Reputation: 35
I am trying to count entries in a text file but having difficulty. The key is that each line is one entry and if the term "ADALIMUMAB" shows up in the line, it counts as one. If it shows up twice, it still should only count as one. Here is an example of lines in the text file.
101700392$10170039$3$I$BUDESONIDE.$BUDESONIDE$1$Oral$9 MG, DAILY$$$$$$$$9$MG$$
101700392$10170039$4$C$ADALIMUMAB$ADALIMUMAB$1$$UNK$$$$$$$$$$$
102117144$10211714$1$PS$HUMIRA$ADALIMUMAB$1$Subcutaneous$$$$$N$ NOT AVAILABLE,NOT
I currently have this working:
fDRUG14Q3 = open("DRUG14Q3.txt")
data = fDRUG14Q3.read()
occurencesDRUG14Q3 = data.count("ADALIMUMAB")
But it will count line 2 in the example above as 2 entries rather than one.
Upvotes: 1
Views: 40
Reputation: 92461
You can use a generator expression passed to sum()
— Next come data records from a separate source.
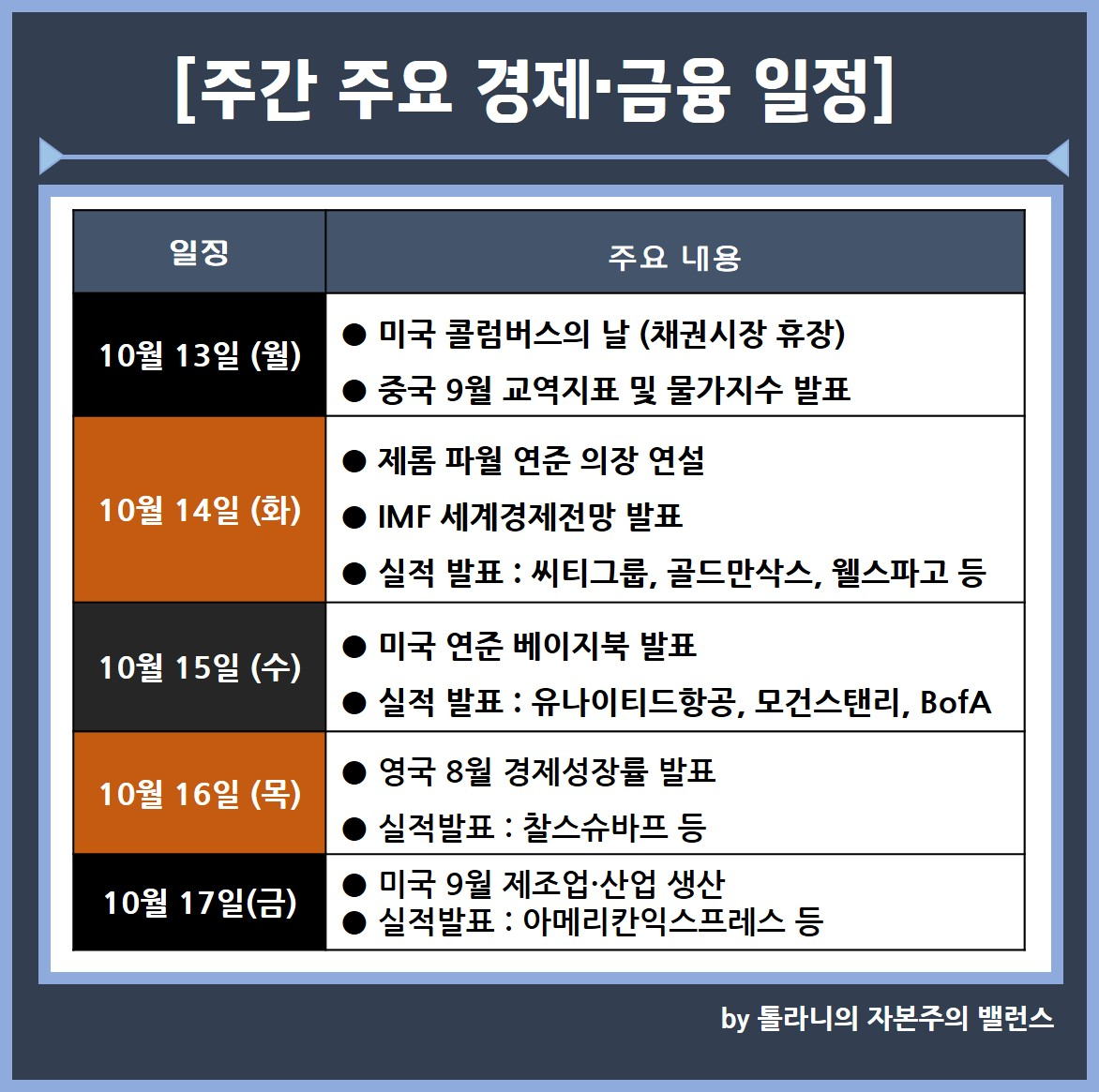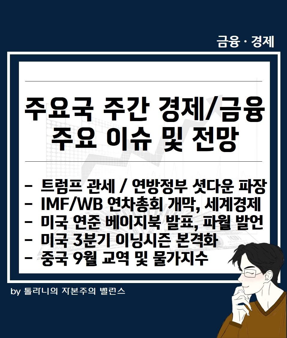 지금까지 '연방정부 셧다운 파장, 미국 3분기 어닝시즌 본격화 등 미국 증시 일정 및 주요 국가 경제·금융 이슈' 관련하여 알아보았는데요.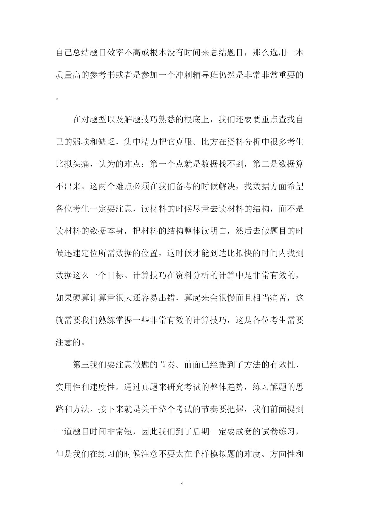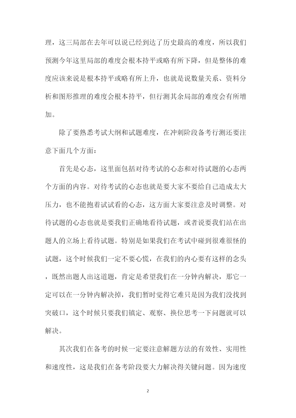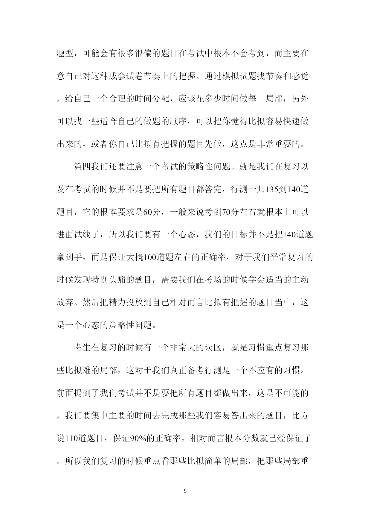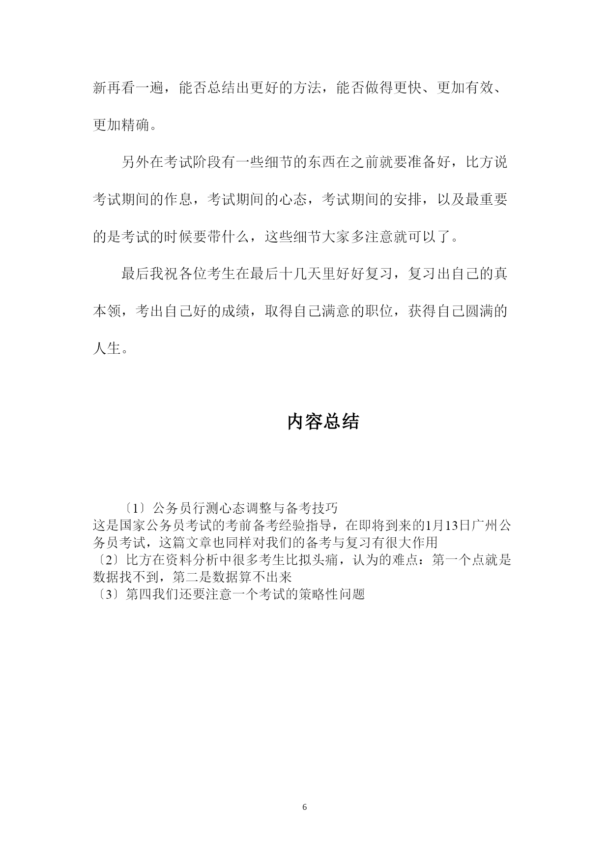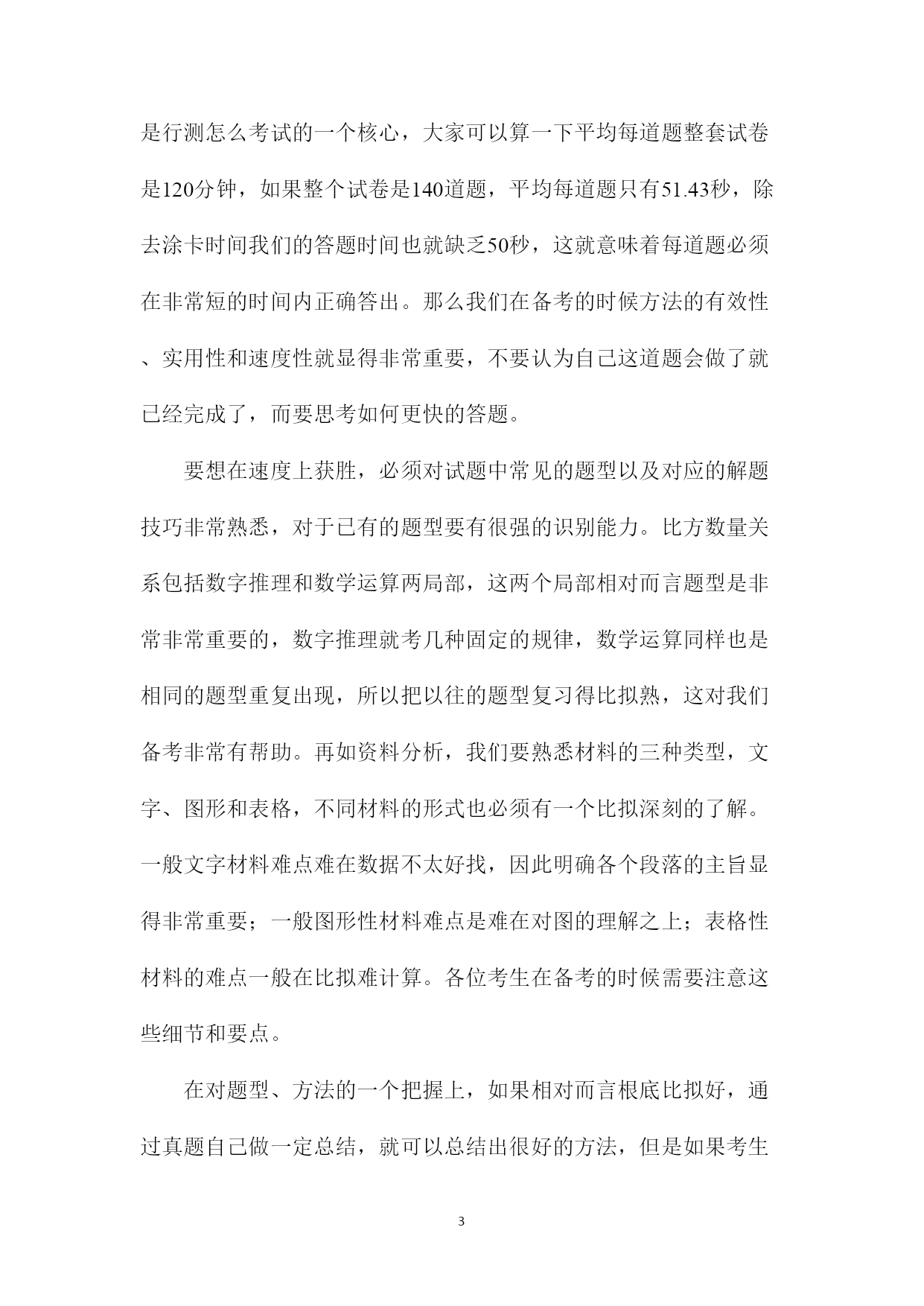 PAGEPAGE6公务员行测心态调整与备考技巧这是国家公务员考试的考前备考经验指导,在即将到来的1月13日广州公务员考试,这篇文章也同样对我们的备考与复习有很大作用。20*年国家公务员考试已进入最后的冲刺阶段,为了帮助广阔考生在这关键时刻有的放矢的进行复习、最有效的提高自身能力,我在这里给大家简单的谈谈行政职业能力测试冲刺阶段的心态和备考技巧,帮助考生顺利通过考试。要想充分备战公务员考试,就要熟悉公考考试大纲。今年大纲与去年大纲相比根本没有什么变化,只有判断推理中有一种类比推理可能会出一种比拟新的题型,除此之外其他局部从大纲意义上说完全没有什么变化,所以大家备考根本上按照去年的题型、题量、分布准备就足够了。但是大纲没有变化并不代表今年的题目不会有变化,这可以从历年题目的变化趋势看出。而且今年有80万考生报考,一共招一万三千多人,大概比例是1:60,去年大致的比例是1:40,这个比例在上升,也就意味着今年的竞争会比去年更加剧烈。所以各位考生一定要注意,题目变难是一种趋势,但是变难也要局部来看,比方数量关系和资料分析,以及判断推理当中的图形推理,这三局部在去年可以说已经到达了历史最高的难度,所以我们预测今年这里局部的难度会根本持平或略有所下降,但是整体的难度应该来说是根本持平或略有所上升,也就是说数量关系、资料分析和图形推理的难度会根本持平,但行测其余局部的难度会有所增加。除了要熟悉考试大纲和试题难度,在冲刺阶段备考行测还要注意下面几个方面:首先是心态,这里面包括对待考试的心态和对待试题的心态两个方面的内容。对待考试的心态也就是要大家不要给自己造成太大压力,也不能抱着试试看的心态,这方面大家要注意及时调整。对待试题的心态也就是要我们正确地看待试题,或者说要我们站在出题人的立场上看待试题。特别是如果我们在考试中碰到很难很怪的试题,这个时候我们一定不要心慌,在我们的内心要有这样的念头,既然出题人出这道题,肯定是希望我们在一分钟内解决,那它一定可以在一分钟内解决掉,我们暂时觉得它难只是因为我们没找到突破口,这个时候只要我们镇定、观察、换位思考一下问题就可以解决。其次我们在备考的时候一定要注意解题方法的有效性、实用性和速度性,这是我们在备考阶段要大力解决得关键问题。因为速度是行测怎么考试的一个核心,大家可以算一下平均每道题整套试卷是120分钟,如果整个试卷是140道题,平均每道题只有51.43秒,除去涂卡时间我们的答题时间也就缺乏50秒,这就意味着每道题必须在非常短的时间内正确答出。那么我们在备考的时候方法的有效性、实用性和速度性就显得非常重要,不要认为自己这道题会做了就已经完成了,而要思考如何更快的答题。要想在速度上获胜,必须对试题中常见的题型以及对应的解题技巧非常熟悉,对于已有的题型要有很强的识别能力。比方数量关系包括数字推理和数学运算两局部,这两个局部相对而言题型是非常非常重要的,数字推理就考几种固定的规律,数学运算同样也是相同的题型重复出现,所以把以往的题型复习得比拟熟,这对我们备考非常有帮助。再如资料分析,我们要熟悉材料的三种类型,文字、图形和表格,不同材料的形式也必须有一个比拟深刻的了解。一般文字材料难点难在数据不太好找,因此明确各个段落的主旨显得非常重要;一般图形性材料难点是难在对图的理解之上;表格性材料的难点一般在比拟难计算。各位考生在备考的时候需要注意这些细节和要点。在对题型、方法的一个把握上,如果相对而言根底比拟好,通过真题自己做一定总结,就可以总结出很好的方法,但是如果考生自己总结题目效率不高或根本没有时间来总结题目,那么选用一本质量高的参考书或者是参加一个冲刺辅导班仍然是非常非常重要的。在对题型以及解题技巧熟悉的根底上,我们还要要重点查找自己的弱项和缺乏,集中精力把它克服。比方在资料分析中很多考生比拟头痛,认为的难点:第一个点就是数据找不到,第二是数据算不出来。这两个难点必须在我们备考的时候解决,找数据方面希望各位考生一定要注意,读材料的时候尽量去读材料的结构,而不是读材料的数据本身,把材料的结构整体读明白,然后去做题目的时候迅速定位所需数据的位置,这时候才能到达比拟快的时间内找到数据这么一个目标。计算技巧在资料分析的计算中是非常有效的,如果硬算计算量很大还容易出错,算起来会很慢而且相当痛苦,这就需要我们熟练掌握一些非常有效的计算技巧,这是各位考生需要注意的。第三我们要注意做题的节奏。前面已经提到了方法的有效性、实用性和速度性。通过真题来研究考试的整体趋势,练习解题的思路和方法。接下来就是关于整个考试的节奏要把握,我们前面提到一道题目时间非常短,因此我们到了后期一定要成套的试卷练习,但是我们在练习的时候注意不要太在乎样模拟题的难度、方向性和题型,可能会有很多很偏的题目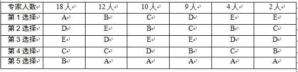 例如,有18位专家对项目的优选排序都是ADECB,依此类推。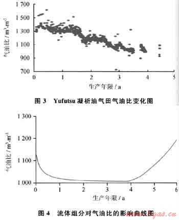 某些凝析氣藏在形成時(shí),由于自然對流和熱擴(kuò)散的作用[5],導(dǎo)致流體重組分含量隨深度的增加而減小,即氣藏頂部的流體最重,隨深度的增加,重組分含量逐漸減小,如日本的Yufutsu凝析油氣田。該氣田部分直井選擇在儲(chǔ)層的下部進(jìn)行射孔,這就造成剛開始生產(chǎn)時(shí)的流體較輕,氣油比較高,而隨著開采的繼續(xù),將采出更多的淺層較重的凝析氣,這就造成生產(chǎn)氣油比的下降(圖3)。

. Each line will either be True(1) of False(0) and you'll take the total count. Basically you are counting how many lines return True
for 'ADALIMUMAB' in line
:
with open(path, 'r') as f:
total = sum('ADALIMUMAB' in line for line in f)
print(total)
# 2
This has the added benefit of not requiring you to read the whole file into memory first too.
Upvotes: 1